Взгляд проникал в самую глубинную мою суть, однако и я могла нырнуть в него, сейчас оба были предельно открыты и доступны, как Адам и Ева, «наги» и первозданны.
«Зачем тебе это нужно?»
«Я так решила!»
«Справишься ли?»
«Справлюсь»
«Кто тебе позволит?» — издевательски.
«Кто мне помешает?»
«Остановись, Алиша, уходи. Назад пути уже не будет»
«Я никогда не возвращаюсь»
«Тогда будет бой!»
«Я согласна»
В следующую секунду невероятная тяжесть обрушилась на плечи, пригвоздила к месту, ноги задрожали, подгибаясь, ужасное желание опуститься на колени овладело мной. В глазах противника зажёгся стальной огонь, они вдруг побелели. Глубоко вдохнув, стараясь не соскользнуть в этот огонь, не сгореть в нём, превратившись в глыбу льда, я выровнялась. Улыбнулась. Протянулась «через», сквозь пелену мрака, окунулась в его душу, свернулась клубочком, устроилась на самой её глубине. Всё внутри замирало от холода, зубы сводило от ощущения твёрдости, обволакивающего, сжимающего каменными плитами.

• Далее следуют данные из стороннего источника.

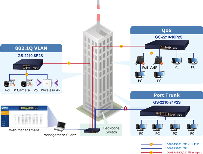 The two mini-GBIC slots built in the GS-2210-24P2S support SFP auto-detection and dual speed as it features 100BASE-FX and 1000BASE-SX/LX SFP (Small Form-factor Pluggable) fiber transceivers to uplink to backbone switch and monitoring center in long distance. The distance can be extended from 550 meters to 2 kilometers (multi-mode fiber) and up to above 10/20/30/40/50/70/120 kilometers (single-mode fiber or WDM fiber). They are well suited for applications within the enterprise data centers and distributions.
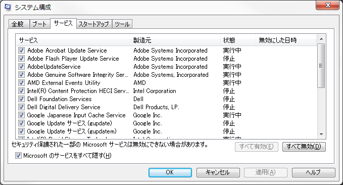 「システム構成」が表示されたら、「サービス」タブを開き、念のため「Microsoft のサービスを全て隠す」にチェックを入れ、不要なサービスを停止させます。
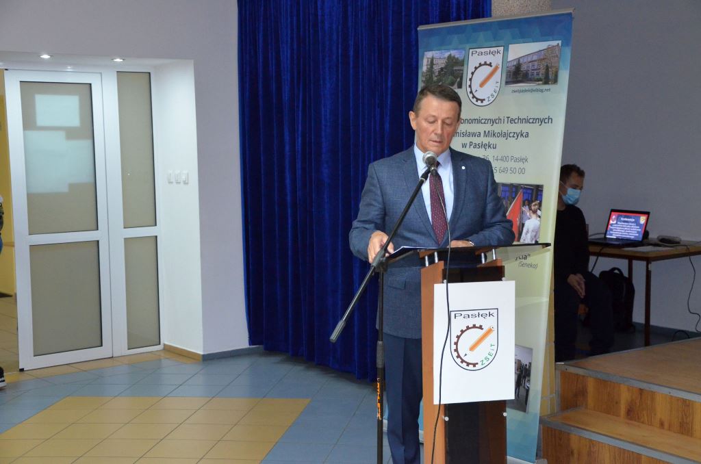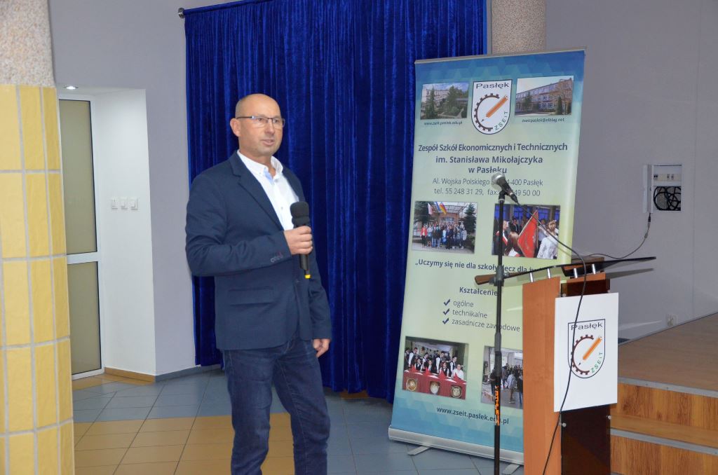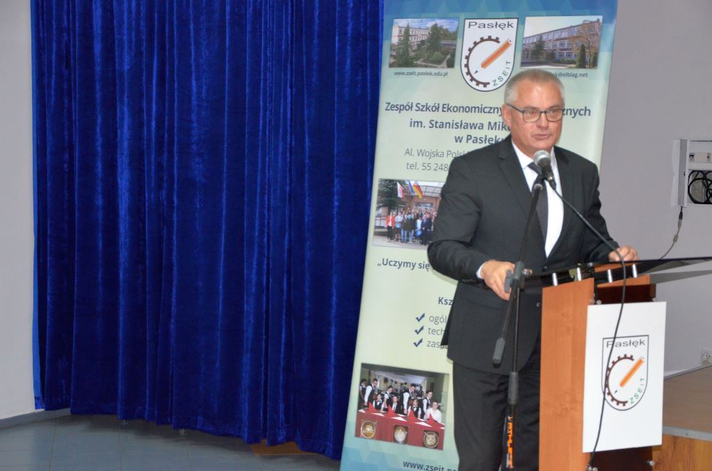 Zaproszonych gości przywitał dyrektor Zespołu Szkół Ekonomicznych i Technicznych w Pasłęku Marian Matuszczak. W dalszej części wystąpienia omówił cele i sposoby realizacji kształcenia zawodowego w szkole, działania zmierzające do podnoszenia kompetencji uczniów oraz mierzalne efekty tych działań, strategiczne znaczenie kształcenia zawodowego w zakładach pracy, współpracę szkoły z pracodawcami. Na zakończenie dyrektor podkreślił znaczenie udziału uczniów w stażach i praktykach zawodowych w kraju oraz poza granicami, konieczność rozwijania zaplecza technicznego i dydaktycznego w szkole oraz kluczową rolę szkoły w nabywaniu nowych umiejętności przez uczniów jako cel najważniejszy.
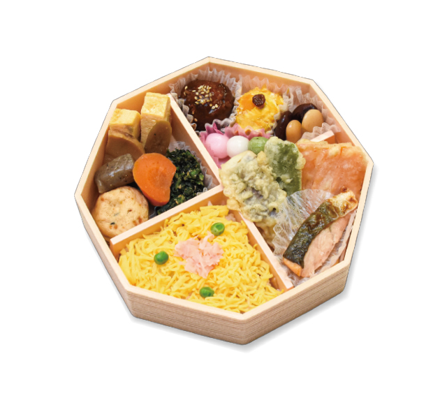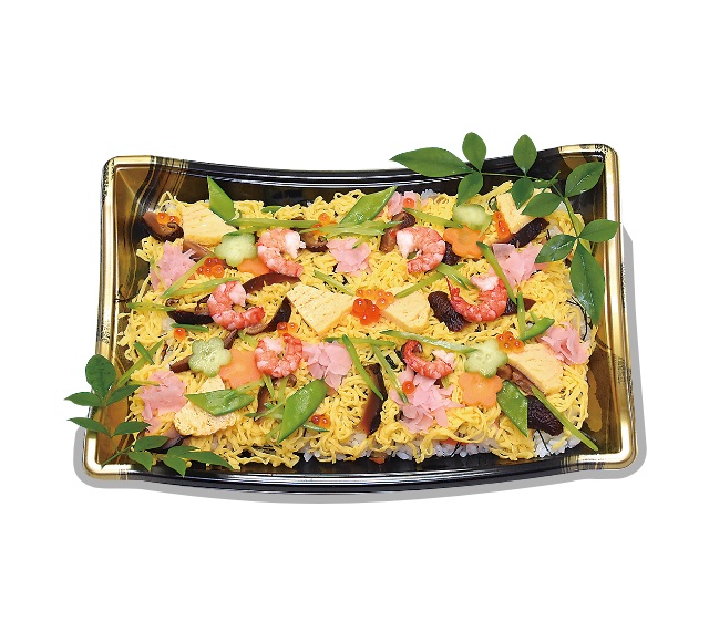 ちらし寿司に煮物や揚げ物などを詰めた、 彩り豊かなお弁当です。
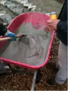 - Mix Mortar and add brown concrete dye. Dye should be added in a ratio of one bottle per two 60 lb bags of mortar.
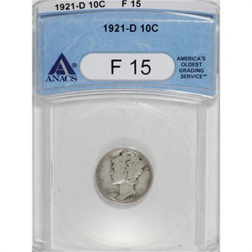 <B>1921-D 10C F15 ANACS.</B></I> NGC Census: (18/247). PCGS Population (46/357). Mintage: 1,080,000. Numismedia Wsl. Price for NGC/PCGS coin in F15: $217. (#4936)<BR><BR><B>Coin Engraver:</B> Adolph A. Weinman<BR><BR><b>Shipping:</b> Coins & Currency (<a target="_blank" href="http://www.heritageauctions.com/common/shipping.php">view shipping information</a>)
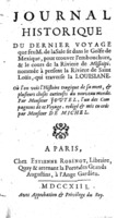 In 1684 Robert Cavelier, Sieur de La Salle, was planning an expedition to establish a French settlement at the mouth of the Mississippi River. Joutel met La Salle in Rouen and signed on as his "intendent" or confidential assistant. After a harrowing ocean crossing of over four months, La Salle and his party reached the Gulf of Mexico. Navigational errors caused them to miss the mouth of the Mississippi, instead making landfall in Matagorda Bay. La Salle was murdered by his crew during the journey back to the mouth of the Mississippi. Joutel, his nephew, and La Salle's brother escaped a similar fate, making their way to Tonti's fort on the Illinois River, travelling on to Quebec via the Great Lakes, and eventually returning to France in 1688. Shown here is the first French edition of Joutel's journal. -
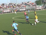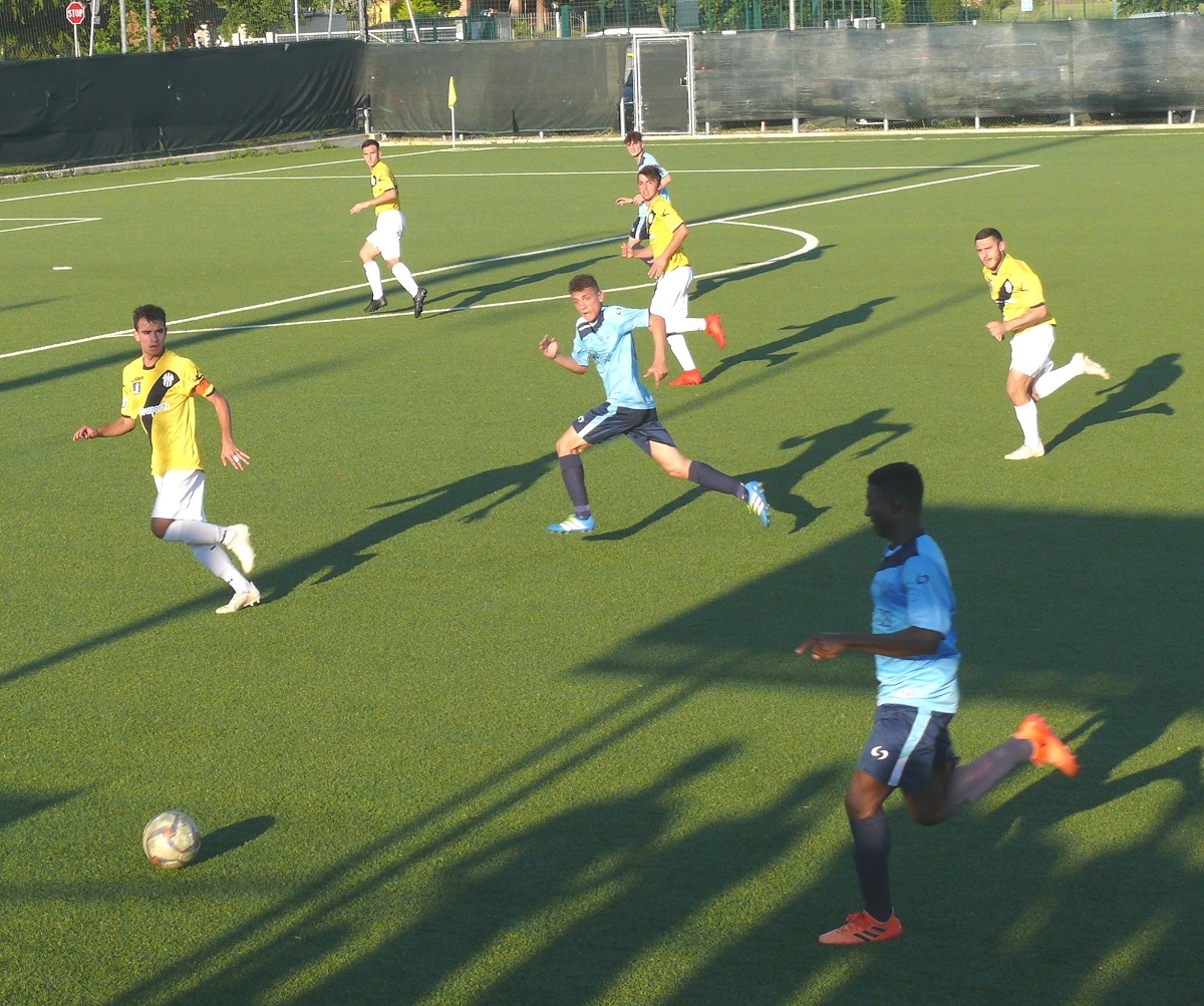 Bastavano appena 6' al Chieri per sbloccare il risultato col perentorio colpo di testa di Olivera sulla punizione dalla trequarti di Di Sparti. I chieresi raddoppiavano all'11' con Bianco che deviava la sfera alle spalle di Berruti ancora su assist del numero 10 azzurro. Dopo aver sfiorato in più occasioni la terza rete, il Chieri tremava al 35' quando un'incomprensione tra Olivera e Maggiolo favoriva Kallon che concludeva addosso al portiere, quindi Gueye da fuori area a porta spalancata concludeva di un soffio a lato.

Я не сопротивлялась, подобно маленькому пушистому котёнку льнула доверчиво к надвигающейся опасности. Я верила всю свою жизнь, что кулак не способен коснуться искренней сердечной улыбки, что пуля не заденет любящего сердца, что нежность плавит не только ненависть, но самые гигантские глыбы льда в душе.
Он изливал в пространство потоки смерти, обволакивал нас обоих коконом безжизненного забвения, я улыбалась, излучая тепло, из глаз струился огонь, но не обжигающий, а воспламеняющий, несущий свет. И этот огонь создавал внутри кокона смерти свой, сияющий кокон жизни.
И тогда за спиной Богдана распахнулись огромные чёрные крылья. Нависли над улицами, закрыв собой добрую половину столицы, в городе сразу потемнело. Не отрывая глаз от глаз, я распахнула свои, белоснежные, распахнула слегка, подрагивая каждым пёрышком, трепеща, едва касаясь снизу его крыльев. Он замер на миг, а потом сомкнул их, сминая мои. Жестоко, безжалостно, неотвратимо…
Две слезинки навернулись на глаза, но тут же высохли, от пламени любви, бушующего в моих глазах, превратились в лёгкую дымку.
Пространство вокруг искрилось, шло рваными полосами, волнами, дрожало. Словно окаменев стояли мы и вокруг, во всей вселенной, не было больше ни одной живой души. Всё иллюзия, этот мир — иллюзия, все живущие в нём — иллюзия. Все, кроме нас двоих. Отступили даже сущности тонкого плана, остались где-то за непроницаемой гранью.
И мы уже не были людьми. Сейчас, воплощая две силы, противоположные, полярные, мы боролись, но борьба же являлась и слиянием…
Боль исчезла внезапно, забылась, будто её и не было. И снова всепоглощающая нежность проникла в самый потаённый уголочек нашей общей вселенной, вошла во взаимодействие с испепеляющей ненавистью ко всему живому, переродилась в тихую печаль.
«Зачем?»
«Ничему не Быть!»
Маленький пушистый зверёк распахнул глаза и… … я увидела, как он к монстру, крушащему мир, подошёл, ластясь. И тот замер вдруг.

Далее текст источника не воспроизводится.